Thirdly, existing tests of general relativity have been restricted to weak gravitational fields (or moderate ones in the case of the binary pulsar). Major surprises in this regime would have been surprising, since Einstein's theory goes over to Newton's in the weak-field limit, and we know that Newtonian gravity works reasonably well. But surprises are quite possible, and even likely, in the strong-field regime. The reason why is closely related to the fourth motivation for continuing to test Einstein's theory: general relativity as it stands is incompatible with the rest of physics (i.e. the "standard model" based on quantum field theory). The problem is only partly due to the fact that the gravitational field carries energy and thus "attracts itself"; this makes the theory nonlinear and more difficult, but not necessarily impossible to quantize. (Yang-Mills fields also possess self-couplings but are perfectly quantizable.) The deeper problem is not nonlinearity but nonrenormalizability, which is inherent in the physical dimensionality of gravity itself (i.e., in the fact that the gravitational field couples to mass rather than any other kind of "charge"). In field-theory language, quantization of gravity requires an infinite number of renormalization parameters. It is widely believed that our present theories of gravity and/or the other interactions are only approximate "effective field theories" that will eventually be seen as limiting cases of a unified theory in which all four forces become comparable in strength at very high energies. But there is no consensus as to whether it is general relativity or particle physics—or both—that must be modified, let alone how. Experimental input may be our only guide to unification, the last great remaining problem in theoretical physics.
The Equivalence Principle
Gravitational experiments can be divided into two kinds: those that test fundamental principles and those that test individual theories, including general relativity. The fundamental principles include such basic axioms as local position invariance (or LPI; the outcome of any experiment should be independent of where or when it is performed) and local Lorentz invariance (or LLI; the outcome of any experiment should be independent of the velocity of the freely-falling reference frame in which it is performed), which we will not discuss here. The fundamental principle of most direct physical relevance to general relativity is the equivalence principle, which asserts that gravitation is locally equivalent to acceleration. In practical terms this means that different falling bodies should follow the same trajectory in the same gravitational field, independent of their mass or internal structure, provided they are small enough not to disturb the environment or to be affected by tidal forces. To test this principle, one drops objects of different mass or composition in the same gravitational field and looks for differences in rate of fall. Such experiments have a long and fascinating history.
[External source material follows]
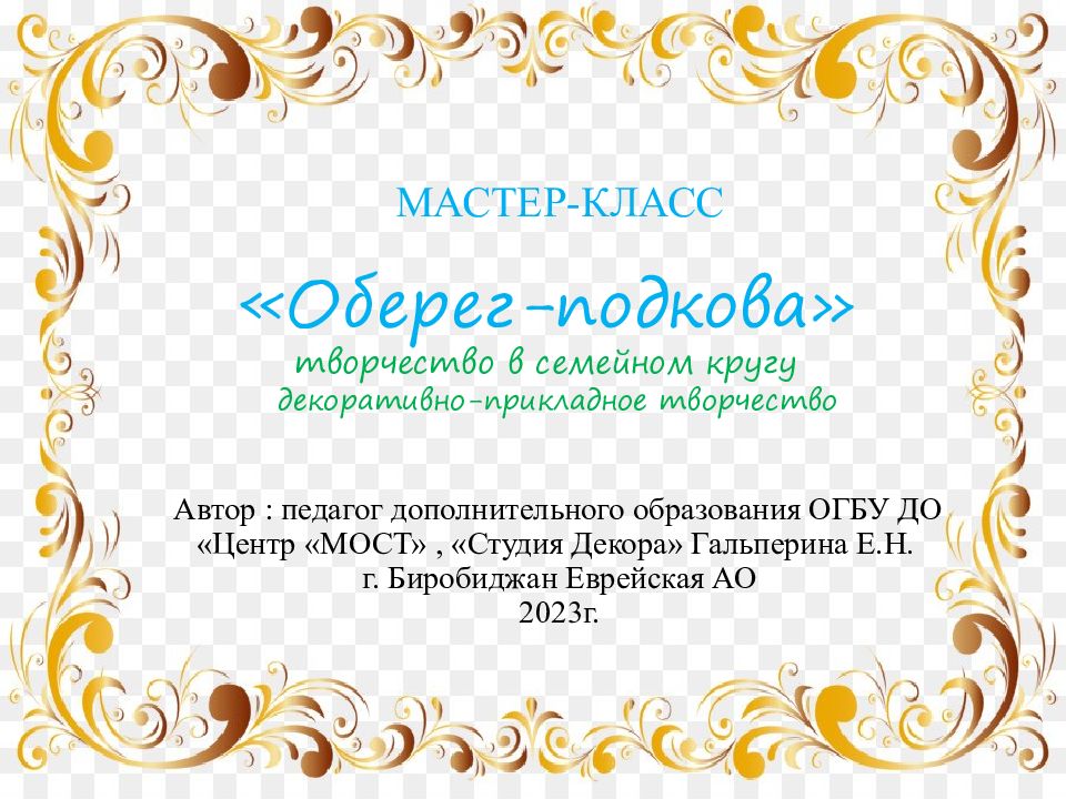 МАСТЕР-КЛАСС «Оберег-подкова» творчество в семейном кругу декоративно-прикладное творчество Автор : педагог дополнительного образования ОГБУ ДО «Центр «МОСТ», «Студия Декора» Гальперина Е.Н. г. Биробиджан Еврейская АО 2023г.

The Greek philosopher Aristotle saw no need to do them at all; he knew by reason alone that a larger mass "must" fall more quickly than a light one, since it is the nature of earth-like elements to strive toward the center of the universe. Such was his authority that there are no records of anybody actually testing this prediction until nearly ten centuries later (6th century AD) when the Byzantine scholar John Philoponus wrote in a commentary on Aristotle: "If you let fall from the same height two weights of which one is many times as heavy as the other, you will see that the ratio of times required for the motion does not depend on the ratio of the weights, but that the difference in time is a very small one" (italics added). First to describe an actual experiment in the modern sense was Flemish engineer Simon Stevin (1548/9-1620), who wrote in 1586: My experience against Aristotle is the following. Let us take ... two spheres of lead, one ten times larger and heavier than the other, and drop them together from a height of 30 feet onto a board ... Then it will be found that the lighter will not be ten times longer on its way than the heavier, but that they will fall together onto the board so simultaneously that their two sounds seem to be as one" (italics added). Some years later Galileo Galilei (1564-1642) described a similar experiment involving a cannonball and a musket ball. Contrary to almost universal belief, he did not claim to have dropped these balls from the Leaning Tower of Pisa; that story comes from his last pupil and biographer and its authenticity is far from certain. What is certain is that Galileo understood the importance of this test better than any before him. He used a variety of materials including gold, lead, copper and stone, and improved the experiment by rolling his test masses down inclined tables (to dilute gravity) and eventually by using pendulums (to reduce friction). He concluded in the Discourses and Mathematical Demonstrations Concerning Two New Sciences (1638) that "If one could totally remove the resistance of the medium, all substances would fall at equal speeds".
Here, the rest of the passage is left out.